(Stored records)
┌────────

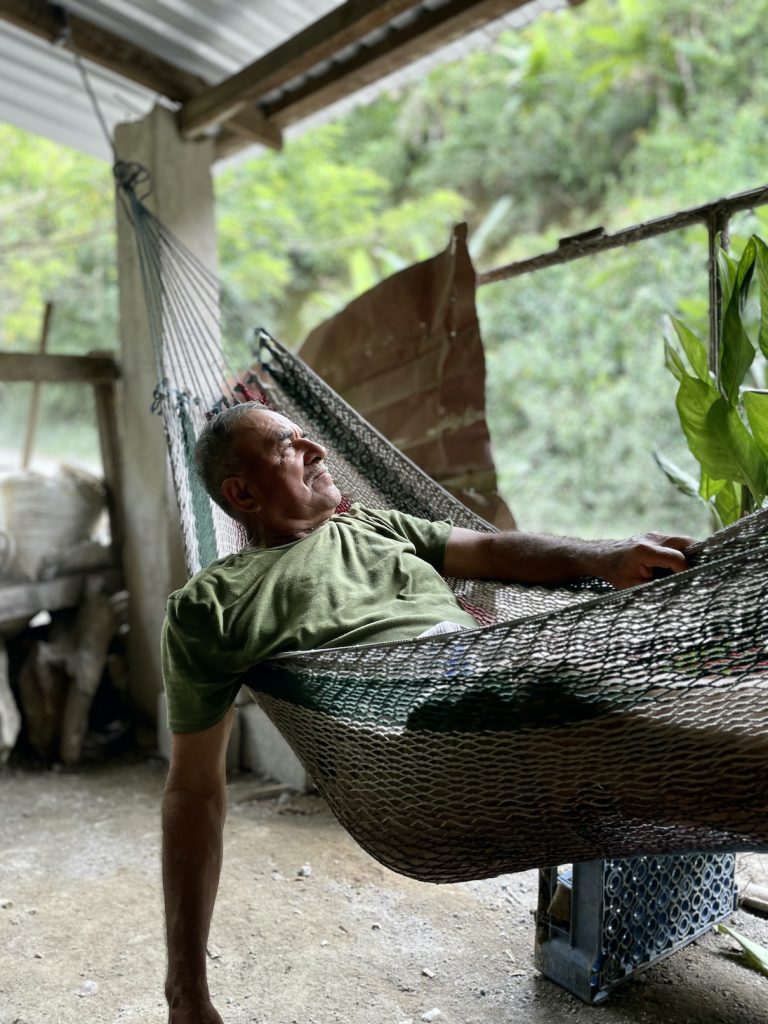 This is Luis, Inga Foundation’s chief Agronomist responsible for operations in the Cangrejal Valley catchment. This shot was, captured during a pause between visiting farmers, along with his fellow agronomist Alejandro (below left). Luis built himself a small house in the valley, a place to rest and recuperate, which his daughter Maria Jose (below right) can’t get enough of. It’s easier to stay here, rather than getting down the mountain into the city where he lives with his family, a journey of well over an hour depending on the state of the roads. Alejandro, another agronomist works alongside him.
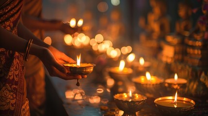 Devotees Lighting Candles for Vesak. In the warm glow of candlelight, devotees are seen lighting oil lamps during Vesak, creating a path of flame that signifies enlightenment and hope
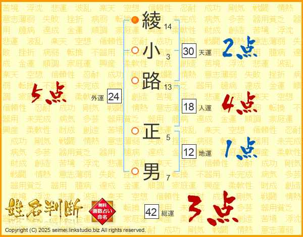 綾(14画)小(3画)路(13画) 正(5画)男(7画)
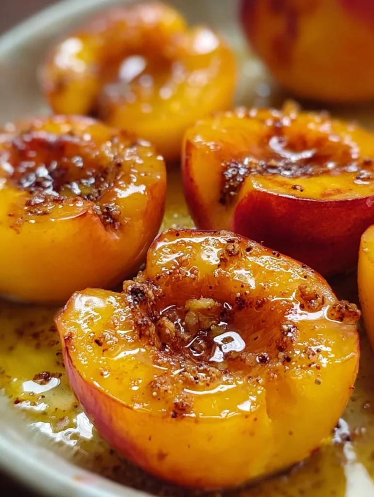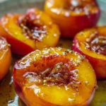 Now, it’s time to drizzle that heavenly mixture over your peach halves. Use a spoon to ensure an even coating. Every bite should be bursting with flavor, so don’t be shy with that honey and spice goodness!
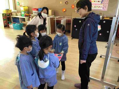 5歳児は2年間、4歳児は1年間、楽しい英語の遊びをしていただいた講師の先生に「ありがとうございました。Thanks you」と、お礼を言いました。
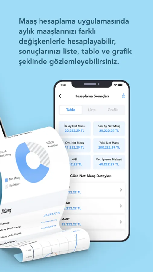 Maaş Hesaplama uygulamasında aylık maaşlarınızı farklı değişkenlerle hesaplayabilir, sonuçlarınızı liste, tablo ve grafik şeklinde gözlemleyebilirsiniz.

└────────

Transcribe the records above exactly, without images.

Solution —
 This is Luis, Inga Foundation’s chief Agronomist responsible for operations in the Cangrejal Valley catchment. This shot was, captured during a pause between visiting farmers, along with his fellow agronomist Alejandro (below left). Luis built himself a small house in the valley, a place to rest and recuperate, which his daughter Maria Jose (below right) can’t get enough of. It’s easier to stay here, rather than getting down the mountain into the city where he lives with his family, a journey of well over an hour depending on the state of the roads. Alejandro, another agronomist works alongside him.
 Devotees Lighting Candles for Vesak. In the warm glow of candlelight, devotees are seen lighting oil lamps during Vesak, creating a path of flame that signifies enlightenment and hope
 綾(14画)小(3画)路(13画) 正(5画)男(7画)
 Now, it’s time to drizzle that heavenly mixture over your peach halves. Use a spoon to ensure an even coating. Every bite should be bursting with flavor, so don’t be shy with that honey and spice goodness!
 5歳児は2年間、4歳児は1年間、楽しい英語の遊びをしていただいた講師の先生に「ありがとうございました。Thanks you」と、お礼を言いました。
 Maaş Hesaplama uygulamasında aylık maaşlarınızı farklı değişkenlerle hesaplayabilir, sonuçlarınızı liste, tablo ve grafik şeklinde gözlemleyebilirsiniz.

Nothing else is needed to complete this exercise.